John von Neumann thought floating point was a serious mistake, because anyone who had a
clue as to what he was doing could do everything in integer mode keeping track of the
decimal place (binary decimal place) in their head while writing the code....

As always there is a germ of a point there, but it's horses for courses, and a lot more thought would need to be applied before programs to solve, say, the partial differential equations of fluid dynamics could be written without floating point.

I have almost no floating point in my music software. (For similar reasons.) A CFraction class I have written with integer numerator and denominator members is much more useful.

But over a period of nearly 40 years, I have also written a lot of scientific software to solve complicated equations and double (or REAL*8 when I still have to collaborate with "fortraphone" colleagues) is completely indispensible. But of course if one is writing that kind of software, with error propagation through millions and millions of additions subtractions multiplications and divisions, a good knowledge of numerical maths is absolutely and completely essential.

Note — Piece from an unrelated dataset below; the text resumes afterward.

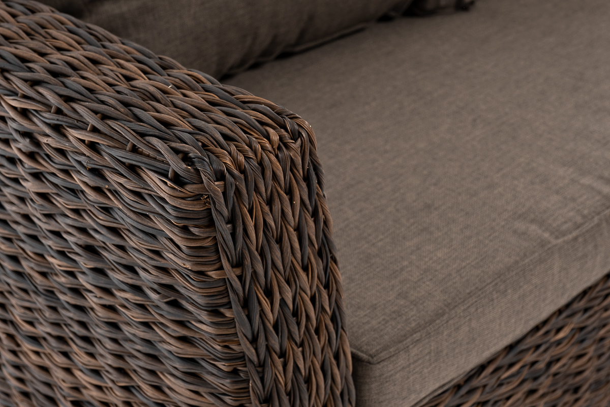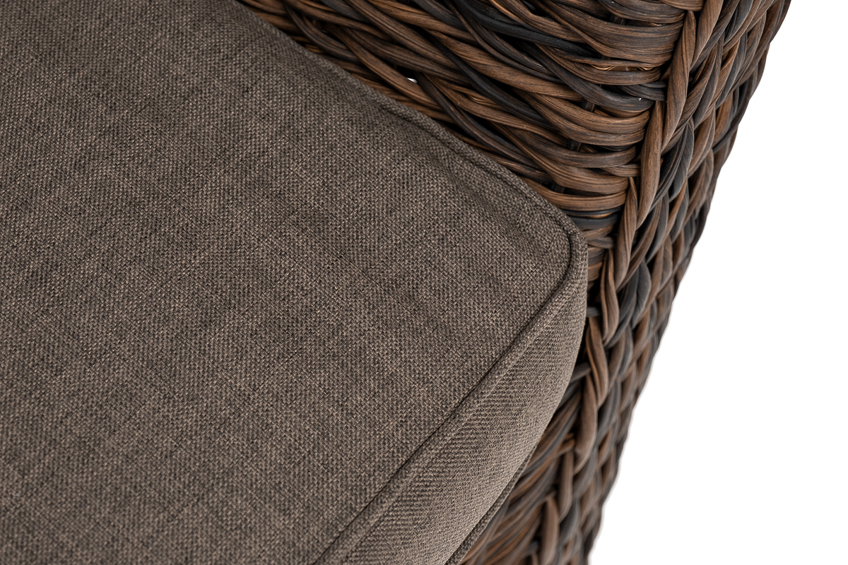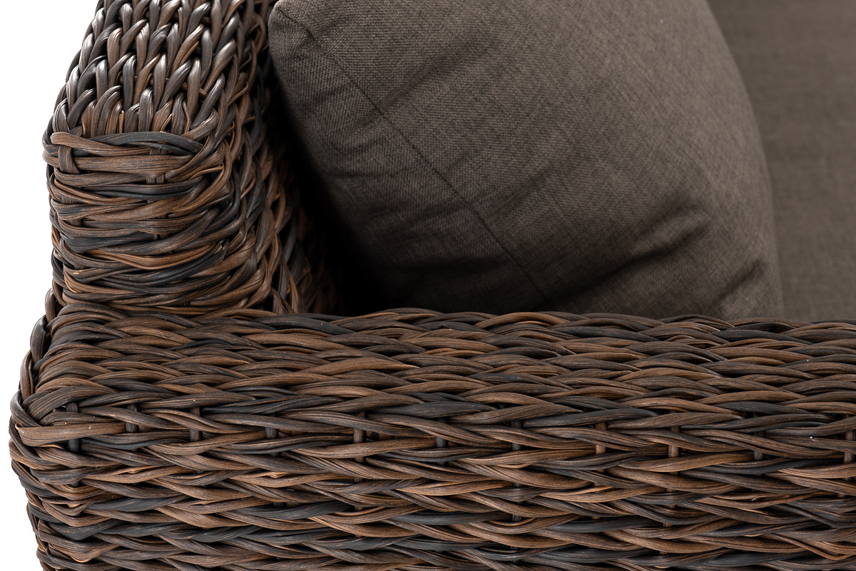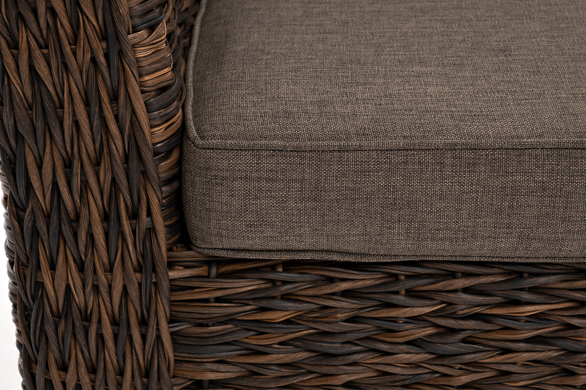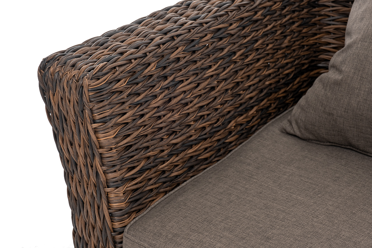 Мебель декорирована ручным плетением, выполненным из искусственного ротанга вида «гиацинт» коричневого цвета.

Having said that, the problem of numbers being stored in binary and printed in decimal is always (in my experience) completely irrelevant there. That only affects input and output. Much more important is (i.a) what happens if your code subtracts two almost identical numbers and uses the result in an important way. Each of the two numbers you have may only have a tiny associated error, but the relative error on the difference can be enormous and completely destroy the accuracy of the code. But this is a problem associated with any representation of numbers which cannot represent them exactly, and I don't think anyone has learned to program pi and e exactly yet :-)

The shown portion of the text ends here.